Just as the search for explanations of addiction to alcohol and other drugs has been complicated by the nature-nurture debate, so too have been the controversies over sugar addiction. Some medical researchers and physicians believe that sugar addiction might be genetic—that is, that the biological nature of certain humans, specifically the information programmed into their deoxyribonucleic acid (DNA), can explain why some people become addicted to sugar, in a way similar to how others become addicted to substances such as alcohol, nicotine, or heroin.

Other researchers have traced the pleasurable physiological state (popularly known as a sugar high) induced by an intake of sugar to the activation of certain receptors in the brain. Sugar is said to affect the same neurotransmitters in the brain associated with the pleasure produced by such substances as nicotine in cigarette smoke.

Those who emphasize the cultural rather than the genetic causes of physiological addiction to sugar point out that refined sugar (or sucrose, largely derived from sugar cane and sugar beets) has been a relatively recent addition to the human diet. Throughout most of the evolution of Homo sapiens and the early history of civilized humans, the dietary need for glucose was satisfied by the ingestion of fruits, vegetables, and fats, which could be metabolized into glucose as needed.

Even after techniques were discovered that allowed sugar to be extracted from plants, most humans were unable to use this sugar because of its expense.

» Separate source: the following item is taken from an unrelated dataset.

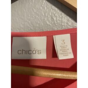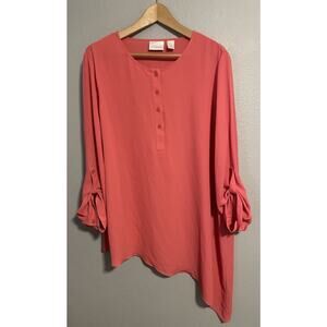 Chicos Womens Tunic Size 3 US XL Pink Chiffon Asymmetric Roll Tab Sleeve Modern

Sugar did not become an inexpensive commodity until the eighteenth century, when doctors began to discover some of its negative effects on the human body. For some historians, the origin of sugar addiction can be traced to this period, when laborers could be inexpensively fed with sweetened foods and drinks rather than with costly meats, fruits, and vegetables.

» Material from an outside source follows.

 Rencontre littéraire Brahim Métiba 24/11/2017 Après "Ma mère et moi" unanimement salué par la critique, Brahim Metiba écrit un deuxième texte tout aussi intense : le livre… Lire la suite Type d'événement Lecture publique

While there has in the past been some debate as to whether sugar addiction constitutes a genuine physiological dependence, recent scientific research has largely put this debate to rest. Consumption of sugar has been shown to cause overproduction of the delta FBJ murine osteosarcoma viral oncogene homolog B (ΔFosB) protein, which plays a crucial role in the establishment of both drug and behavioral addictions by inducing neuroplasticity in the brain's reward system. In addition, the rewards and subsequent cravings induced by sugar consumption were found to be of comparable magnitude to those induced by addictive drugs such as cocaine; in fact, according to a 2013 review of research into sugar addiction, the sugar reward can be even more attractive than the cocaine reward in laboratory animals and has been shown to have a more robust underlying structure.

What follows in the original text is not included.